Sometimes the most honest critique of the U.S. policy can be found in foreign media, simply because they are unencumbered by the fawning advocacy that pervades much of the U.S. media where President Obama is concerned. The major German media outlet, Der Spiegel ran an article this morning with the headline,'Obama's Middle East Policy Is in Ruins.'

That's the conversation that our MSM should be having as events continue to unfold in the Middle East.

Update 2: (9/14/12):

Richard Fernandez presents his take on the foreign policy debacle we are witnessing. His entire piece is worth reading:
But it is worse than 1979 [the Carter/Iran debacle]; the current alliance [Obama/??] puts America in the back of the bus as expressed in the tagline “leading from behind.” In that slogan is described a self-imposed inferiority, a chronic submission to political enterprises that would, if closely inspected, be dubious to say the least ...

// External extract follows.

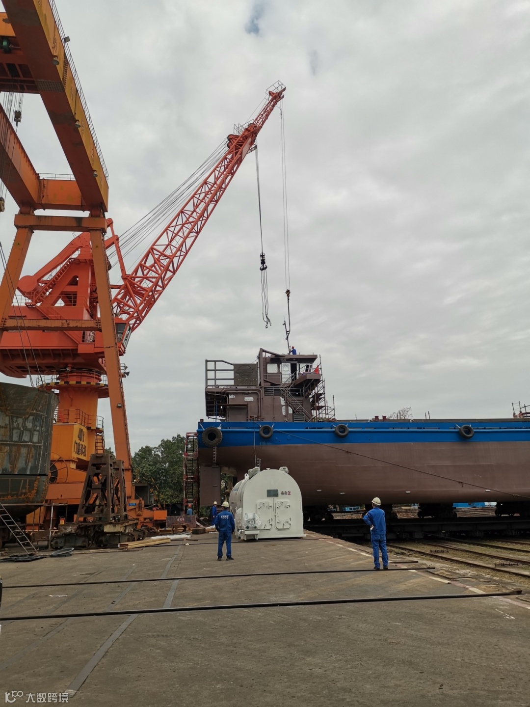为减轻码头起重负荷,务必确保气罐吊装上船后再下水。生产管理部克服重重困难,密切跟踪气罐具体到货日期,直接与气罐生产厂家沟通协调,最终确保气罐吊装后再实施下水节点。

What could go wrong? If things look perverse it is because they are perverse. Like a car with square wheels, a submarine with a screen door or a rifle with barrel curved backward toward the stock, it just doesn’t look like it’s not going to work. It’s not going to work. And now confirmation of the fact has arrived by the light of burning embassies which throw their fitful glare on the bloody hand prints of those dragged to their deaths. It is snapshot of incompetence in pursuit of an imbecility.

And it cannot be undone by a successor administration any more than Reagan could undo the damage caused by Jimmy Carter. The damage is too great for a quick fix. The West will have to live with instability and hostility in a region upon which much of the world depends for energy for some time to come. No solar panels, algae, no number carbon trading certificates — no fiction peddled by those whose stock in trade is fantasy — can paper over that sad fact. The bill for folly has arrived and it will be generations paying it.

All that can be done now is to stop digging the hole any deeper.

Update 3: (9/16/12)

And this from Victor Davis Hansen:
One of the ways of understanding the strange nonchalant response [e.g., Susan Rice's incredible claim on Meet the Press that the violence in Libya and Egypt were not directed at the Obama administration or the USA] of the administration to prior warnings of trouble in the Arab Spring countries, and its contextualization of the violence on the anniversary of 9/11, is its belief that it is somehow separated from the object of the violence. Raging crowds and Islamic wrath could not possibly be connected to the enlightened Obama administration or, more generally to a U.S. that has been “reset” on his watch — given the three years of laborious Muslim outreach and the long-ago departure of George Bush. So we are to think away all those burning flags, stormed consulates, and dead Americans, and instead remember that the violence “is a response,” a sort of cry of the heart against a couple of America-residing video makers — and has nothing much to do with any anger at well-meaning Americans per se.

Apparently no one in charge seems to grasp that this latest video pretext is simply yet another tool, in a long line of many, for premodern Islamists to manipulate and galvanize their fury against the United States, whose success and power obsess them no end — no matter what we do or who happens to be in the White House, soaring Cairo speech and “leading from behind” or not.